Les résidants de Montréal-Nord font confiance à leurs policiers : c'est le cas de presque neuf répondants sur dix. Mais ils sont beaucoup plus sévères lorsque vient le temps de juger de l'efficacité du service de police, en chute libre par rapport à 2013 : l'étude suggère que seuls 72 % des résidants croient que le SPVM s'occupe efficacement de la criminalité (84 % en 2013) et 68 %, des « problèmes d'incivilités et de désordres » (84 % en 2013).

LA MAIRESSE DOUTE...

Le sondage a été effectué par la firme Altus pour le compte du SPVM en mai et juin derniers, et le rapport d'analyse du service de police est daté de juillet.

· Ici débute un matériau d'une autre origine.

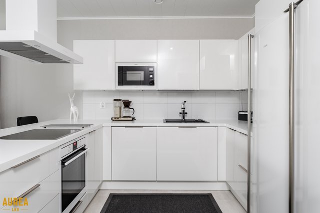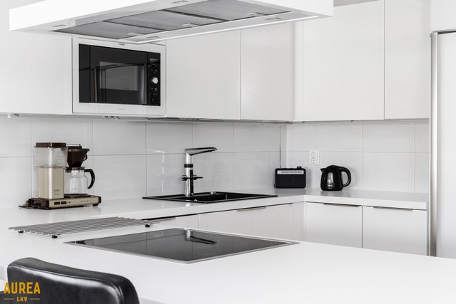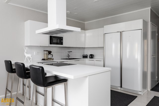 - Puustelli keittiö. Korkeakiilto valkoiset kaapistot, iso saareke. Välitilassa laatta. Komposiittiallas. Integroitu mikro, uuni (kiertoilma), induktioliesi, jääkaappi, pakastinkaappi, astianpesukone, led valaistus.

Immédiatement après des épisodes où la sécurité à Montréal-Nord a été sous les projecteurs, notamment avec la mort de Jean-Pierre Bony lors d'une frappe policière, a souligné la mairesse d'arrondissement Christine Black en entrevue avec La Presse. « Je me dis que peut-être que ces éléments ont pu influencer les perceptions des gens, a dit Mme Black. [Le sondage] a été une sorte de surprise, parce que sur le terrain, ce n'est pas tout à fait ce que j'entends. »

... LE SPVM AUSSI

La police doute elle aussi de ses propres chiffres. « La criminalité a baissé de 7 % » au cours de la même période, a souligné l'inspecteur-chef Gino Dubé, patron de la région Est au SPVM. « Il est évident que certains évènements ponctuels vont jouer sur les perceptions des citoyens : si vous avez un appel pour des coups de feu ou un déploiement policier [...] et que le citoyen est sondé dans la même semaine ou quelques jours après, c'est sûr que sa perception et son sentiment de sécurité sont affectés ». L'inspecteur-chef Dubé dit aussi que les rencontres effectuées par le commandant du poste de quartier avec des résidants donnent des résultats inverses, a-t-il ajouté.

MONTRÉAL-NORD COMPARÉ

Proportion des résidants qui estiment que leur quartier est « très » ou « moyennement » sécuritaire :

• MONTRÉAL-NORD : 74 %

• HOCHELAGA-MAISONNEUVE : 80 %

• NOTRE-DAME-DE-GRÂCE : 95 %

• ROSEMONT : 95 %

• VILLE-MARIE OUEST/WESTMOUNT : 95 %

• MERCIER : 95 %

• VILLERAY : 96 %

• PETITE-ITALIE/PETITE-PATRIE : 98 %

MÉTHODOLOGIE 

Selon le SPVM, le sondage « a été réalisé en mai et juin 2016 ». Un total de 339 résidants du quartier, « âgés de 15 ans ou plus, ont répondu soit par téléphone (165 répondants), soit sur le web (174 répondants) ». Les données ont été pondérées selon l'âge et le sexe des répondants. Le rapport ne mentionne pas de marge d'erreur.